絵画のような借景で暮らす家を、あまり目指さなくなった理由

移住後の家づくり、正確には土地探しについて、もともと考えていたことは「絵画のような借景」。

田園風景、山の稜線、人工物が見えない、近隣の家とも離れている。

勝手に贅沢な環境を描いていました。

 

生活は努力すれば何とかなるけど、景観は何とかならない。

こんな価値基準で土地探しをスタートしましたが、移住先の地に住んで暮らしてみることで、こうした考え方は変わっていくものでした。

 

まずは何と言っても子どもの学校環境。

わかっているつもりでしたが、ここが優先順位の最高位であることに気づいていませんでした。

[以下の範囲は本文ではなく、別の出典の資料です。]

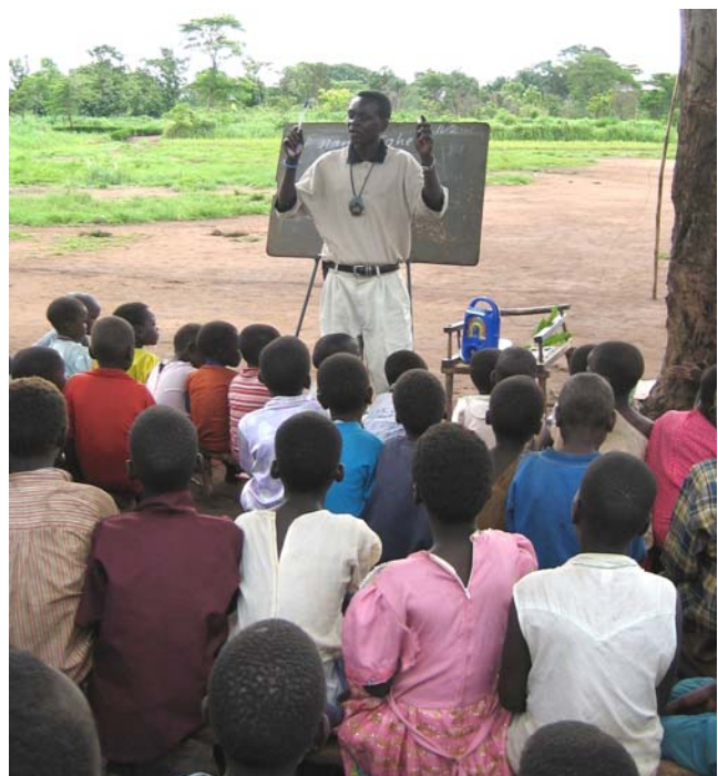
Students in Maridi, Western Equatoria, attend their first day of “radio school.”

暮らしてみることで、学校環境が今後10年以上に渡って最も影響度が強く、不可逆なポジションであることを痛感。

「なんとかなるだろう」と安易に考えていた自分の浅はかさも感じることに。

 

学校まで徒歩で行けるか。

いざとなったら車で行くことはあるが、ルーティンとして車やバスの通学にならないか。

なんといってもここです。

住んで暮らしてみて、自分たちの価値基準に気づいたこと。

この生活環境が最も自分たちにとって譲ってはいけないポイントでした。

 

そう考えると、絵画のような借景やら絶景も難しくなります。

土地ってヤツは先行者利益の代名詞であり、このタイミングで生まれてきた自分にとっては不利な条件で進めなければいけません。

 

昔は雑誌をみて、「こういうの憧れるな~」なんて見ていた風景も、今では「学校環境とかどうなんだろう」とか、「自分にとっては贅沢だな」と、いい意味で割り切れるようになってきました。

 

それよりももっと大事なことがありそうだと。

しかも、これは自分たちがその地に住んで暮らして感じたことなので、説得力が強い。

人に言われたり、本を読んで気づいた、もしくは自分に言い聞かせて正当化した部類の話ではまったくなく、日々の生活や暮らしから五感で感じたことに素直に従った判断だからだと思います。

 

雑誌や本で書かれている内容は、線や面の1ヶ所をうまく切り取った寓話に過ぎないということが、家づくりや土地探しの心構えになりそう。

 

消費されて終わりではなく、その裏で常に動き続ける生活があり、子どもたちの成長があること。

文や写真で描けないものがたくさんあるし、たとえ描かれていたとしても、それに気づくには受け手側の状態が、いかに大事であるかを痛感しました。